Nevertheless, it remains our problem to deal with. And it’s in everyone’s interests that we tackle it head on.
Assets held within the UK workplace retirement and savings market are set to grow from around £830billion today to £2.5 trillion in 10 years-time. No-one doubts the size of the prize in capturing part of that market and serving it effectively.
While it is impossible to get perfect outcomes for millions of UK consumers with little engagement from them, it is possible to do significantly better than the FCA's worst case examples today.
There are two strands to help bridge the ‘engagement gap’:
Digital technology and data: Over the past five years, the technology and data insights to enable a richer, more personalised retirement experience for consumers, has become much more accessible to the workplace retirement and savings market. Its applications lie across advised and non-advised propositions, from accumulation right through to end of life and inheritance planning.
In adopting this sort of technology, advisers’ jobs become easier, D2C propositions become more powerful, and firms get the added benefit of much richer management information to improve (and evidence) their governance processes.
Consumer behaviour: As a highly regulated industry with many prescriptive rules around the information we must provide to someone, it’s not surprising it doesn’t always land well with the end customer.

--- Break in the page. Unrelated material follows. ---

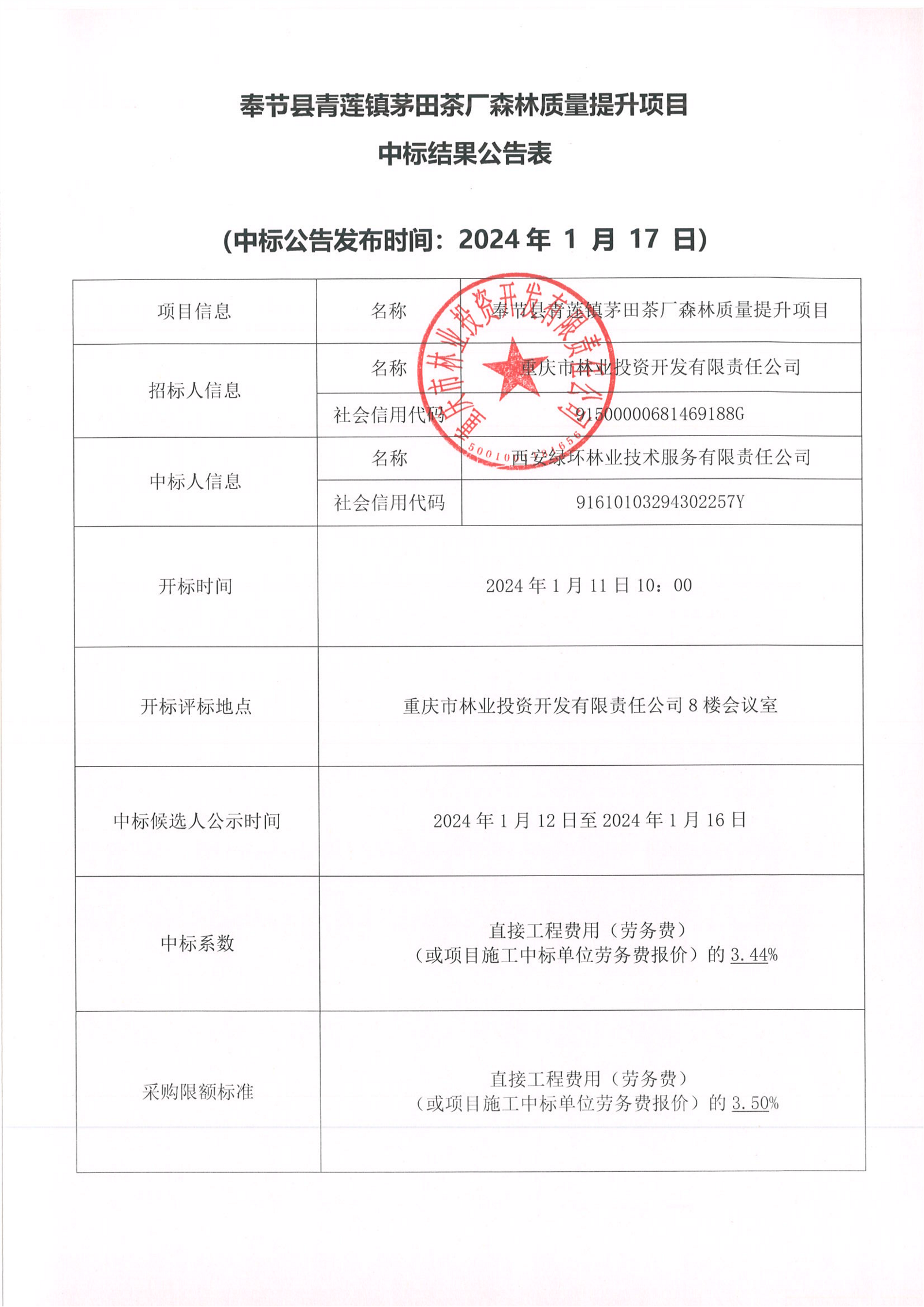 奉节县青莲镇茅田茶厂森林质量提升项目中标结果公告

Periodically taking a step back and assessing what matters most to people, reflecting emerging social trends that are relevant (e.g. ESG in investments) and looking at behavioural science techniques, can lead to simple ways to tweak products and propositions and improve engagement from people.
With the FCA closely scrutinising this area in the year ahead and some specific requirements like investment pathways on the delivery roadmap, now is the moment to look outwards and identify those win-win development areas. Spend time now working to improve propositions to deliver better customer outcomes while enhancing your governance and risk protection to your business at the same time.